Mrs M (as she asks us to call her) is friends with the family two doors down – Flo, Starla and their mother Fiona. The grumbly landlord Mr. Stern comes by, spewing threats and giving the family a week to leave their rented house, and threatening Mrs. M’s art shop as well. Without a second thought, she invites the family to live in the shop, and once there Flo and Starla find a way through Mrs. M’s magic door and potentially find a way to save shop, home and the day.
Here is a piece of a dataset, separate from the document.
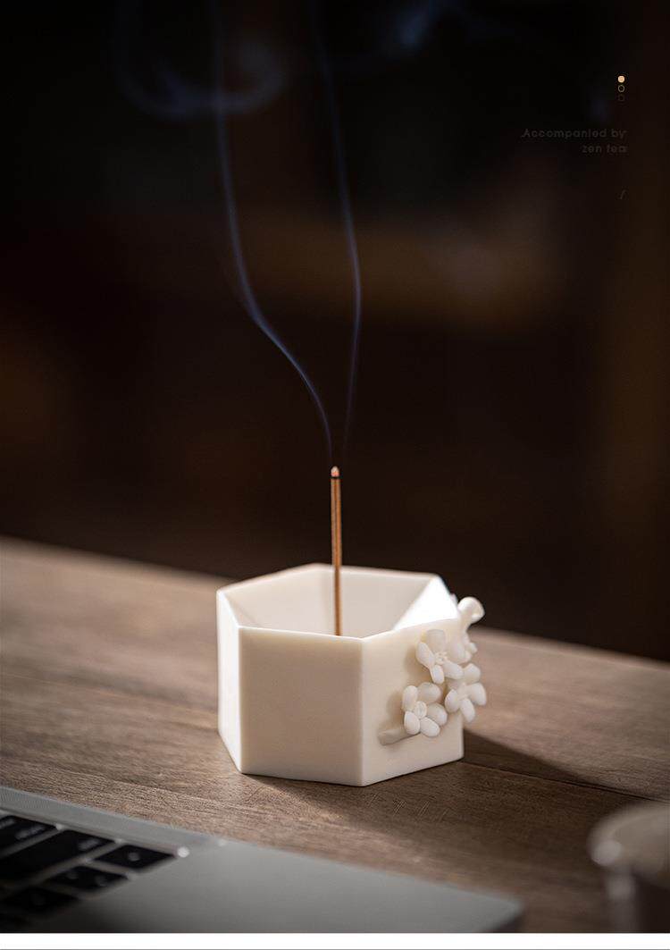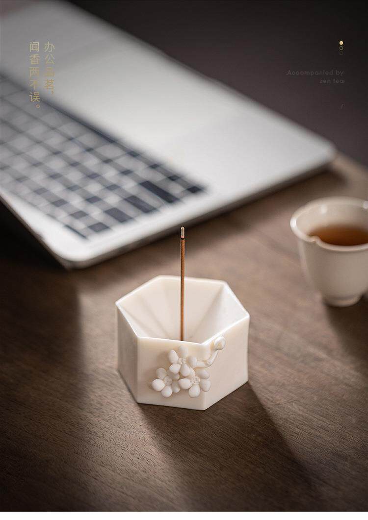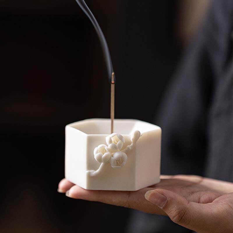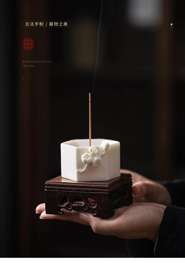 Творческая ручная ручная цветулка с благовонием для благовония Домашнее крыло японское белое фарфоровое чайное стол, ладан, ладан, сиденье вертикальное ладан

Aimed at kids aged around three, the magical shenanigans involve simple and wholesome songs, sweet looking puppets, and masses of audience participation. The children are invited to help Flo and Starla solve a colour-matching puzzle to open the door to let them into the magical puppet world. And they become involved in saving the shop from Mr. Stern shutting it down by contributing pictures to the magic art shop to help it be the best it can be with the colouring pencils and paper they got on the way in. Charmingly, they’re also roped in to help the bee-obsessed Mrs. M stay on track in case she goes off on a storytelling tangent by shouting “Honey” at her.
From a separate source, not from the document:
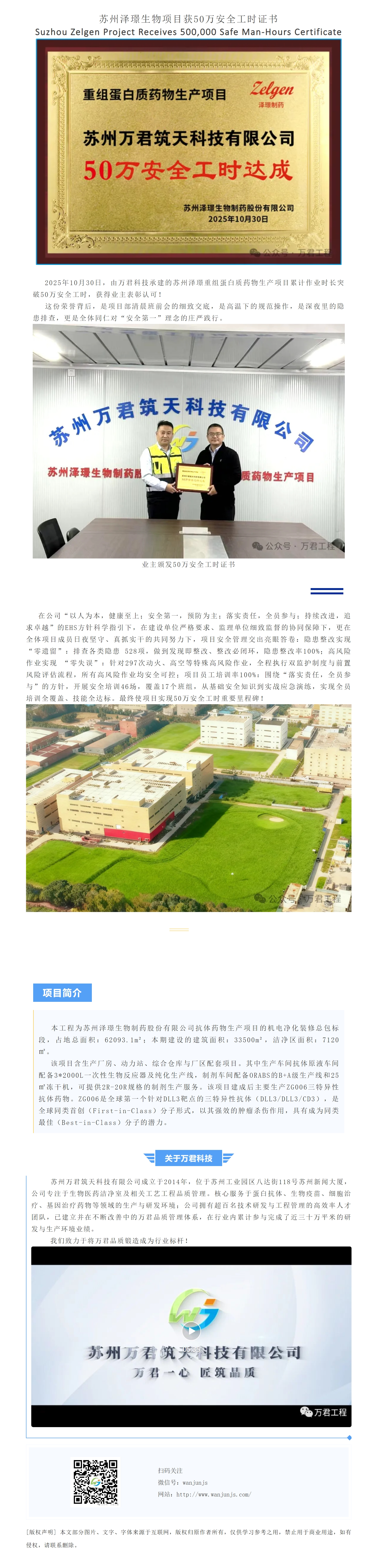 蘇州澤璟生物項(xiàng)目獲50萬安全工時(shí)證書

As Mrs. M and one of the magic puppets (Busy Bee, of course), Bethany Filler is bright and cheery as any classic kids presenter with crystal pronunciation, an abundance of pep and energy, and a generous attention to suggestions and questions from the kids. As the sisters, their mother and various puppet characters, Jemma Carlisle, Emily Cass and Tara Harris bounce around joyfully, a range of child-pleasing voices to bring even the youngest of the audience into their world.
It’s all done through simple props, engaging puppets, clear storytelling (it’s a bit simple for adults, but really, there’s enough out there for grown ups already) and a lot of opportunities for the kids to get engaged with the show. It does ebb and flow on the latter point, however, with periods of great engagement, then stretches where it’s more a “sit and watch” type situation and kids’ attention wanders.
The best judge of this, of course, would be the kids. And while there’s a few times in the hour long production where restlessness and fidgeting set in, the final impression must be taken from the children’s point of view. At one point in the final few minutes there was one little boy who got so excited he tried to bite his chair – a fairly solid endorsement.